Nach § 19 Abs. 1 Nr. 1 AGG liegt ein solches Massengeschäft vor, wenn Verträge "typischerweise ohne Ansehen der Person zu vergleichbaren Bedingungen in einer Vielzahl von Fällen zustande kommen". Insbesondere sei dies mit einschlägiger Rechtsprechung des Bundesgerichtshofs (BGH) bei Verträgen im Bereich der Konsumgüterwirtschaft und über standardisierte Dienstleistungen, etwa des Einzelhandels, der Gastronomie oder des Transportgewerbes der Fall, so das LG Meiningen.
Im Unterschied zur Wohnraumvermietung als Dauerschuldverhältnis, wo Vermieter regelmäßig vor Vertragsschluss eine Prüfung und Auswahl des Vertragspartners vornehmen, sieht die Kammer in der Vermietung von Hotelzimmern lediglich Dienstleistungsverträge über einen kurzen Zeitraum in Form von Massengeschäften. Zur Begründung führt die Kammer unter anderem aus, dass bei einigen Hotels mittlerweile gar ein Betrieb nahezu ohne Personal und unter Einsatz von Schlüsselcodes üblich sei. Auf die Größe der Unterkunft komme es insoweit nicht an, weshalb auch für den kleinen Pensionsbetrieb der Beklagten mit 13 Zimmern nichts anderes gelte.

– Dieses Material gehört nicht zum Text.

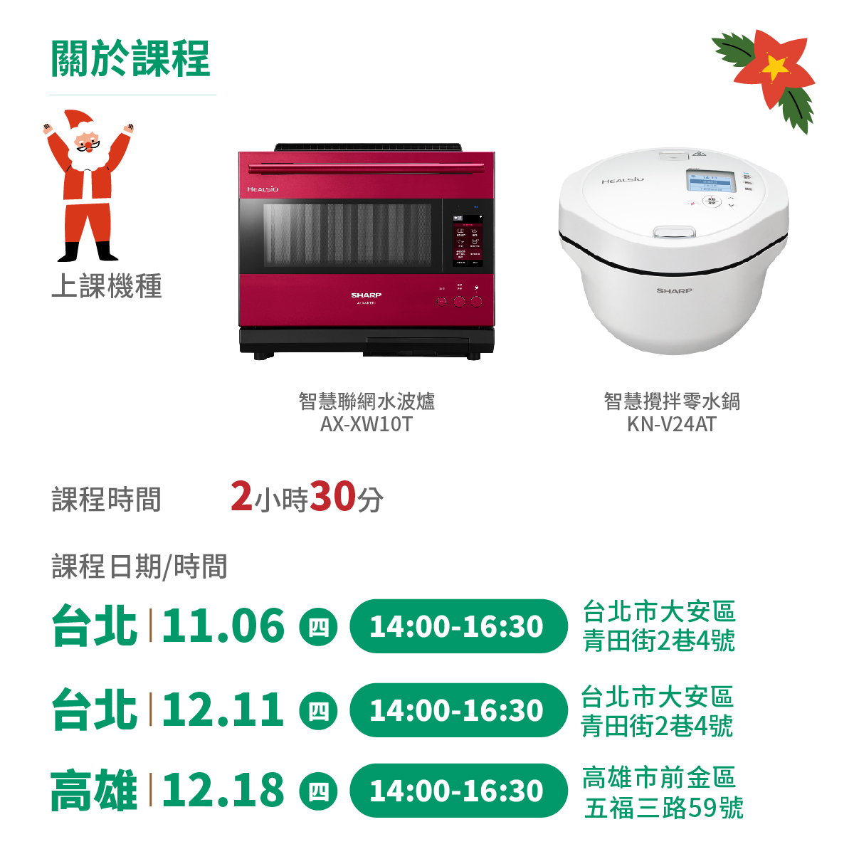 夏普廚藝教室【台北12/11】聖誕節特別課程 -水波爐/零水鍋體驗專用券

Zudem habe die Pensionsbetreiberin angegeben, dass die Übernachtungsverträge "in der Regel mit jedem abschließt, der anfragt".
Pensionbetreiberin unterstellte AGG-Hopping
Auch § 19 Abs. 5 S. 1 AGG, auf den sich die Beklagte berief, sah die Kammer hier nicht als einschlägig an. Danach kann der Anspruch bei einem besonderen Nähe- oder Vertrauensverhältnis ausgeschlossen sein. Doch nach dem LG steht dieser Einwand "die Natur des Übernachtungsvertrages als Massengeschäft" entgegen. Insbesondere sei nicht ausreichend, dass die Pensionsbetreiberin im selben Haus wohne.
Ebenso vereinte die Kammer eine Rechtfertigung der Benachteiligung durch sachlichen Grund (§ 20 Abs. 1 S. 2 Nr. 1 AGG). Das Gericht führte dazu aus, dass die Begründung der Ablehnung seitens der Pension der Konzeption des AGG entgegenstehe: Es "ist doch gerade Ziel des AGG, die auf der Behinderung beruhenden Erschwernisse einer Teilhabe am Zivilrechtsverkehr zu beseitigen", heißt es im Urteil. Soweit die sehbinderte Frau erklärt hatte, sie würde sich den Aufenthalt trotz der vielen zu bewältigenden Stufen durchaus zutrauen, habe die Pension hierauf insbesondere auch deshalb vertrauen müssen, weil die Frau in Begleitung einer sehenden Person war. Das AGG bezwecke schließlich auch einen "Schutz behinderter Menschen vor Bevormundung", so die Kammer.
Das LG hielt deshalb eine Entschädigung in Höhe von 1.200 Euro für angemessen. Mit dem Verstoß gegen das Benachteiligungsverbot gehe eine Persönlichkeitsrechtsverletzung einher. Auch wertete es die Kammer zulasten der Bekalgten, dass es keinerlei Wiedergutmachungsbemühungen gegeben habe. Stattdessen sei der Klägerin noch unterstellt worden, "sie würde durch das Land reisen, um sich auf diese Weise mit anwaltlicher Unterstützung unredlich finanzielle Vorteile zu verschaffen".
Die Vorwürfe gingen laut Susette Jörk, die Rechtsanwältin der Klägerin, noch weiter. Wegen eines angeblich höheren Verletzungsrisikos infolge ihrer Blindheit nannte die Beklagte die Klägerin sowohl in der vorgerichtlichen Auseinandersetzung als auch im gerichtlichen Verfahren "hochmütig", sagte Jörk gegenüber LTO. "Entscheidungen zur rechtsmissbräuchlichen Anwendung des AGG gibt es einige, die Entscheidung des Landgerichts Meiningen zeigt, dass eine wertschätzende gegenseitige Kommunikation auch nach dem eigentlichen Diskriminierungsvorfall bedeutsam ist", so Jörk weiter.